Я столько раз уже повторила про себя свою историю, что могла бы пересказать ее во сне, но теперь мне нужно остановиться, чтобы сильно не расслабиться. Я должна быть убедительной, немного нервничать, умолкать, как будто копаясь в настоящих воспоминаниях, а на самом деле припоминая следующую порцию лжи. Нельзя, чтобы каждый следующий этап истории был уже под рукой. Все должно происходить как можно естественнее. Интересно, когда я стала такой хорошей лгуньей?
Утро прошло по плану. Проснувшись, я не ощутила у себя на груди неподъемного страха. Вымогательство Марго должно было усугубить мою тревогу, но вскоре я поняла, что это настоящий подарок.
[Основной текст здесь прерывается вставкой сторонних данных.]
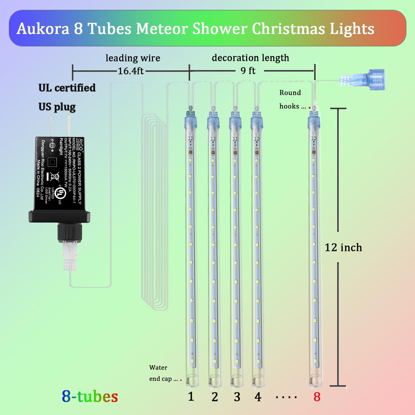 Enjoy Your Colorful Life, Just Start From Aukora! Specs: Plug types: UL Plug LED bulbs of per tube: 24 Tube Qty : 8 Tubes Number of LED bulbs : 8 Tubes x 24LED (192LED Lights) Tube length: 30cm Tube Dia.: 1cm Total length :820cm Working Voltage: 100-240V Watt: 5W Features: 1.Meteor shower effect, romantic aesthetic 2.Linkable to multiple sets 3.The materials are environmental protection,energy saving and safe 4.Waterproof, dustproof, corrosion resistant Noted: 1. Please note that the plug is NOT waterproof so that please keep the plug away from water 2. Please make sure the male/female connectors are connected correctly. If you can not turn on the whole light or 8 tubes, it is caused by the false connection for the connectors, please disconnect them and change another direction to connect them again

Она дала мне что-то, что я могу контролировать – или кого-то. Я не могу передвигаться незамеченной, а она может. И она это сделает – для нее ставки почти столь же высоки, как и для меня. А еще инспектор Конати и папка, которую мне передали похитители, в которой были все детали исчезновения ее сына.
«Я очень сожалею, что с ее сыном такое случилось, правда, – говорила я главному инспектору Уитмену. – Ей пришлось пережить ужасное событие. Но это не значит, что она имеет право преследовать меня и мою семью. Я уверена, вы понимаете, почему я расстроена».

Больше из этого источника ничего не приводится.